What is expected
Please return exactly the lines from the top of the data through the line that contains "Element Musik bietet", and skip all pictures.

---------- Data records

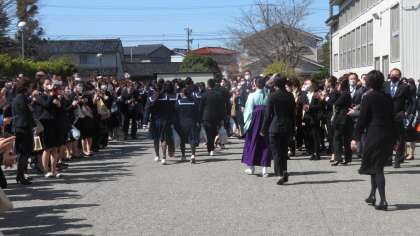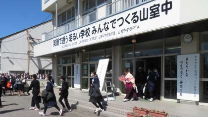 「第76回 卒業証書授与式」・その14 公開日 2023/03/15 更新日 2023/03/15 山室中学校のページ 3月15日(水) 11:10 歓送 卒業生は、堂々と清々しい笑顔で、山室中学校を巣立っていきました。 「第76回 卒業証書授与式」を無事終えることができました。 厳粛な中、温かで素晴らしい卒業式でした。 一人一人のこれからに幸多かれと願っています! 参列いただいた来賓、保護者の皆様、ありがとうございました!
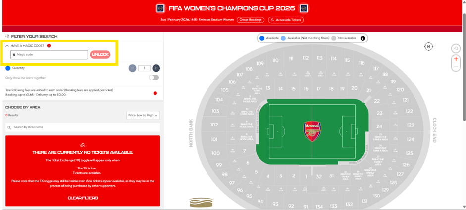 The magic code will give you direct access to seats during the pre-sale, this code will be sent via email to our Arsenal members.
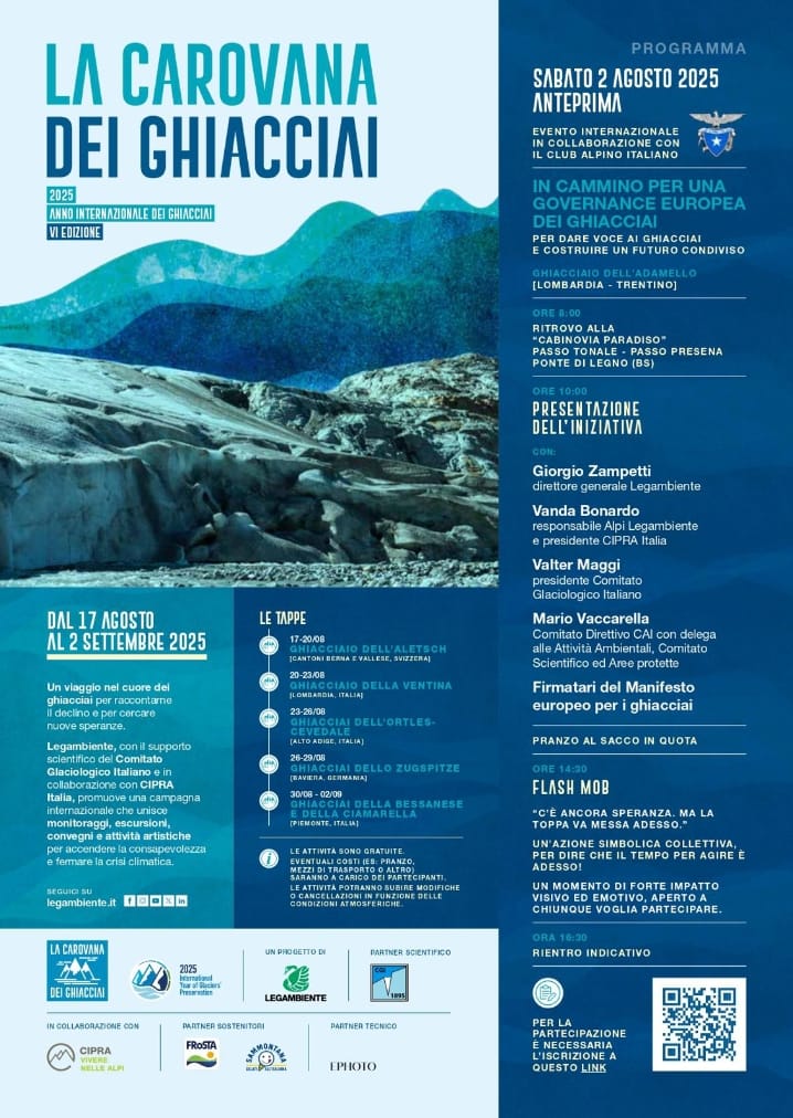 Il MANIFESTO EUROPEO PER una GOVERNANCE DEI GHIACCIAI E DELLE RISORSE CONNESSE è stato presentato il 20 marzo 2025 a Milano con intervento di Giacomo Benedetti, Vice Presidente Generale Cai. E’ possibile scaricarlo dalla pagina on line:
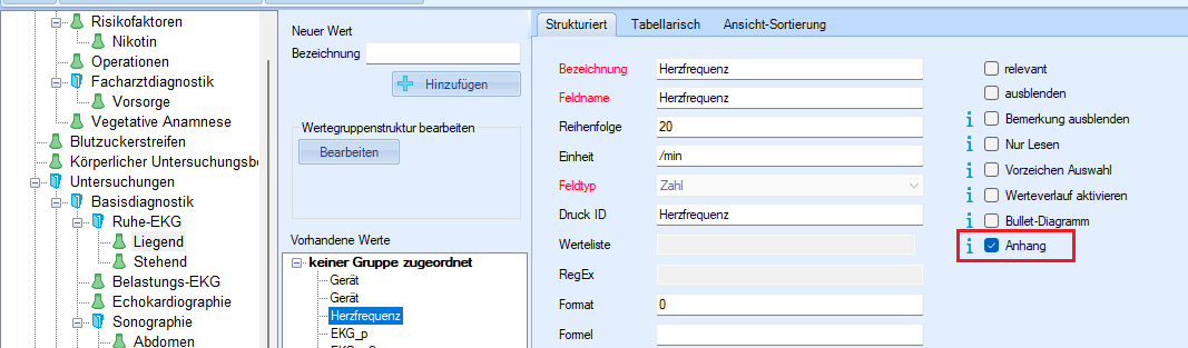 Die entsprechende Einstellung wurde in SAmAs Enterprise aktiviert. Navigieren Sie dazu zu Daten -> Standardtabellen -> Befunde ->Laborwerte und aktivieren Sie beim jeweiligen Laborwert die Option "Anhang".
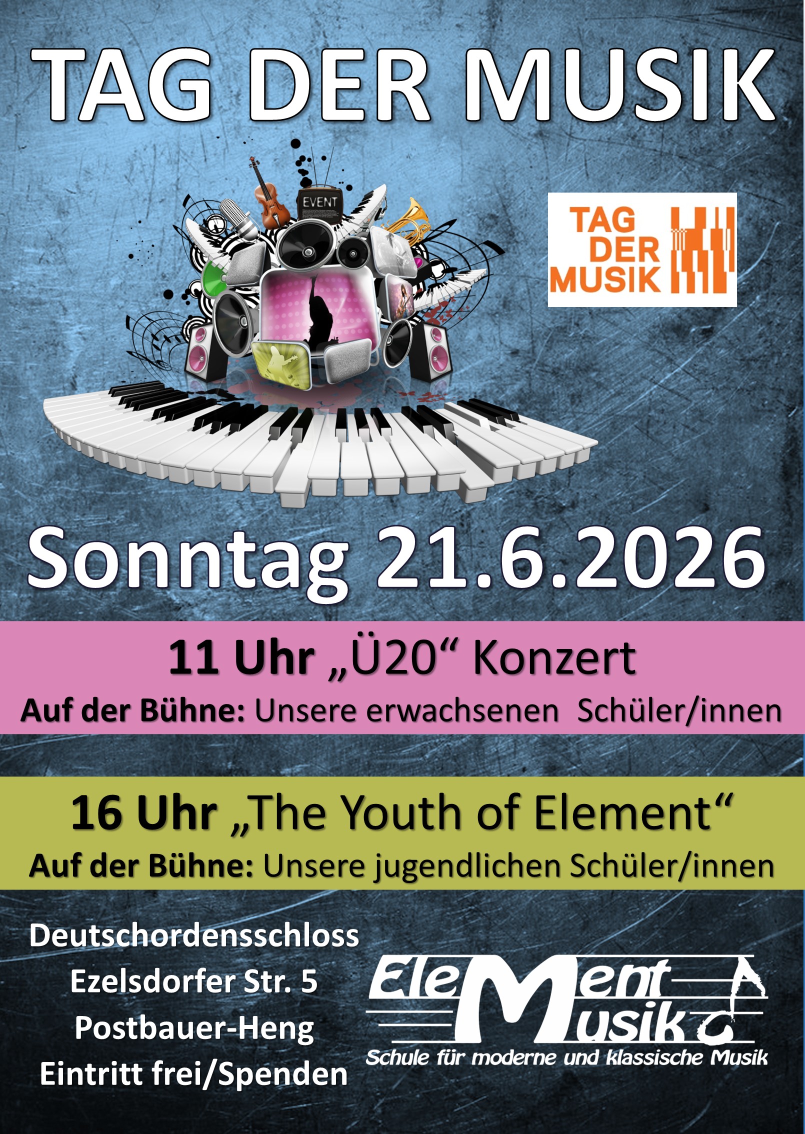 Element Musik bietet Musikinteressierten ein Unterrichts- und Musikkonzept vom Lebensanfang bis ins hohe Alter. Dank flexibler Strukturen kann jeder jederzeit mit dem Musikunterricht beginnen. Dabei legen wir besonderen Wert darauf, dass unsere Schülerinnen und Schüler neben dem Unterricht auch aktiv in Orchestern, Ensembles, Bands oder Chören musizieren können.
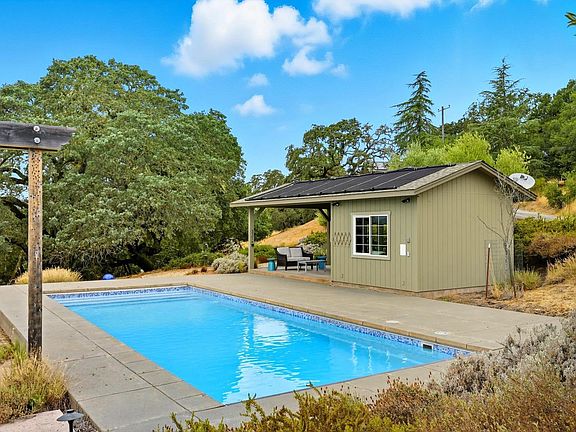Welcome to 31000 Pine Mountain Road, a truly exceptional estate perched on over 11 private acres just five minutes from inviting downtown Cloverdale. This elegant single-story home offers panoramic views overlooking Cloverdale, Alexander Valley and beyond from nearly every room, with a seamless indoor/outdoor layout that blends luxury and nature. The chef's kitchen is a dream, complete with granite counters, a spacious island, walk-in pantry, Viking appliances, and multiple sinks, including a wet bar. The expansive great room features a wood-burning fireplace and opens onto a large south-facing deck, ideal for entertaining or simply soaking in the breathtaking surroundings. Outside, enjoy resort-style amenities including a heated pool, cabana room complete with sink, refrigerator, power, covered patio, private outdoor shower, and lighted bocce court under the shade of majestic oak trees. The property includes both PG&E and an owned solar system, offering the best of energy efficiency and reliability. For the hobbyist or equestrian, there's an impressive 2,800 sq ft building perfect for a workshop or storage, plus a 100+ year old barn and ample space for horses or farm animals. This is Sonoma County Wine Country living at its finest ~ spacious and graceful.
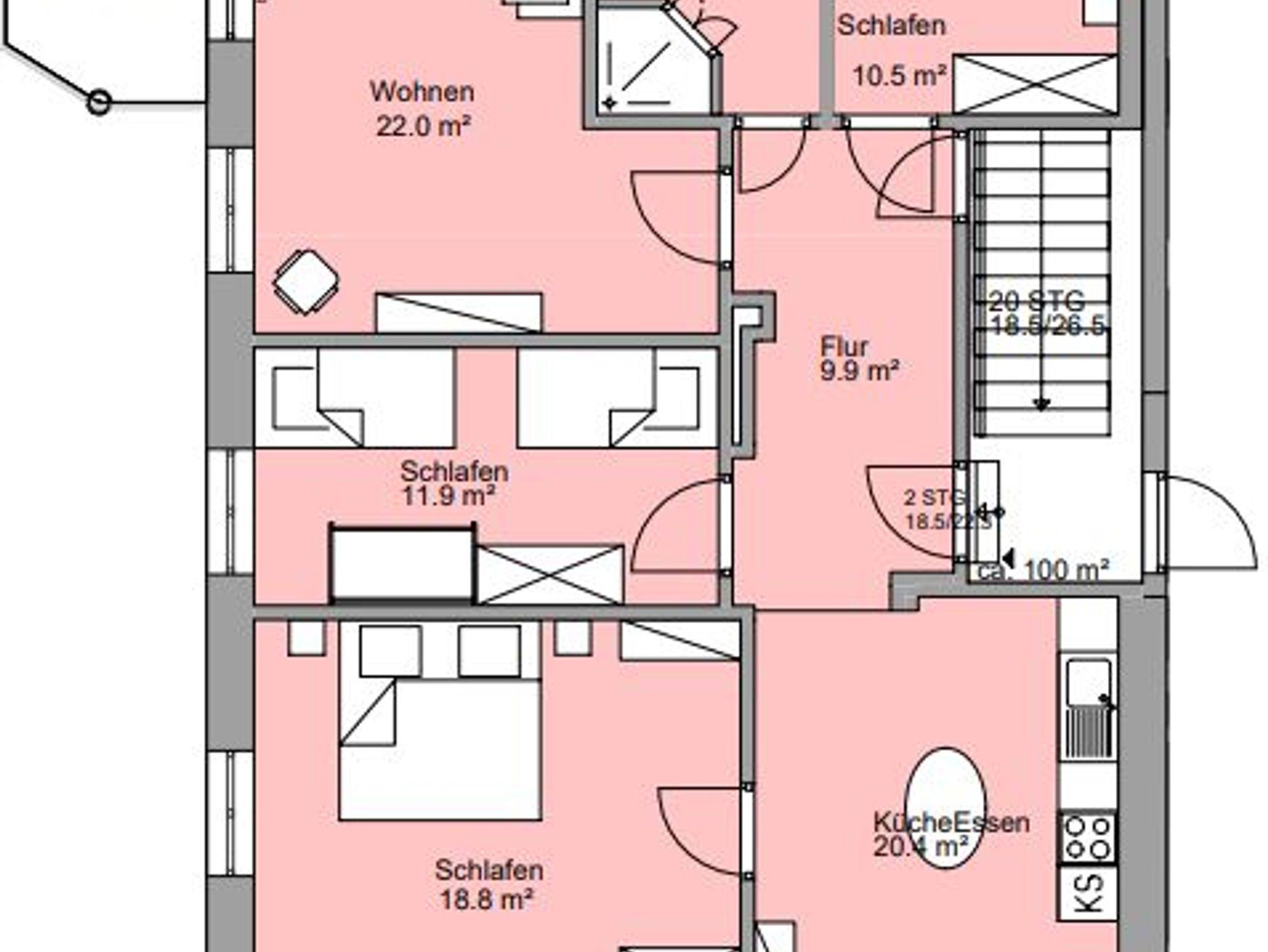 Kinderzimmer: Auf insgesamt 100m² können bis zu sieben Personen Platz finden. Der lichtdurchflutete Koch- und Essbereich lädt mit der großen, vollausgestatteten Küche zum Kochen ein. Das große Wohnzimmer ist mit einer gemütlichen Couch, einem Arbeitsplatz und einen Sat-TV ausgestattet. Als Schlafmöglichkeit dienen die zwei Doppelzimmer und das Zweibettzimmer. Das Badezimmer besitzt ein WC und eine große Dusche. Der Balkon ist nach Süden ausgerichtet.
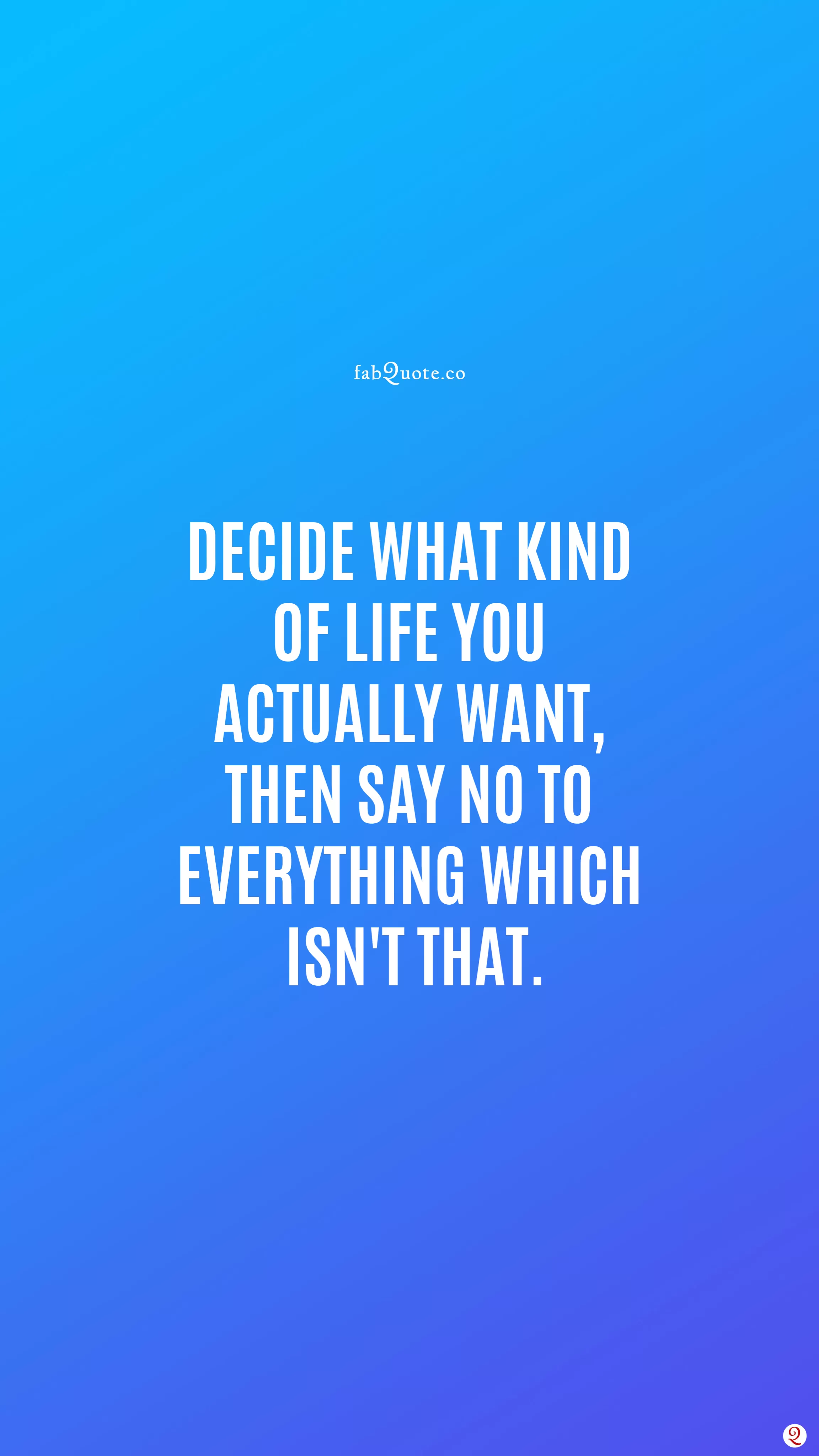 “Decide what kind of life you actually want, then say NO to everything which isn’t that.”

--------------------

Response below
 「第76回 卒業証書授与式」・その14 公開日 2023/03/15 更新日 2023/03/15 山室中学校のページ 3月15日(水) 11:10 歓送 卒業生は、堂々と清々しい笑顔で、山室中学校を巣立っていきました。 「第76回 卒業証書授与式」を無事終えることができました。 厳粛な中、温かで素晴らしい卒業式でした。 一人一人のこれからに幸多かれと願っています! 参列いただいた来賓、保護者の皆様、ありがとうございました!
 The magic code will give you direct access to seats during the pre-sale, this code will be sent via email to our Arsenal members.
 Il MANIFESTO EUROPEO PER una GOVERNANCE DEI GHIACCIAI E DELLE RISORSE CONNESSE è stato presentato il 20 marzo 2025 a Milano con intervento di Giacomo Benedetti, Vice Presidente Generale Cai. E’ possibile scaricarlo dalla pagina on line:
 Die entsprechende Einstellung wurde in SAmAs Enterprise aktiviert. Navigieren Sie dazu zu Daten -> Standardtabellen -> Befunde ->Laborwerte und aktivieren Sie beim jeweiligen Laborwert die Option "Anhang".
 Element Musik bietet Musikinteressierten ein Unterrichts- und Musikkonzept vom Lebensanfang bis ins hohe Alter. Dank flexibler Strukturen kann jeder jederzeit mit dem Musikunterricht beginnen. Dabei legen wir besonderen Wert darauf, dass unsere Schülerinnen und Schüler neben dem Unterricht auch aktiv in Orchestern, Ensembles, Bands oder Chören musizieren können.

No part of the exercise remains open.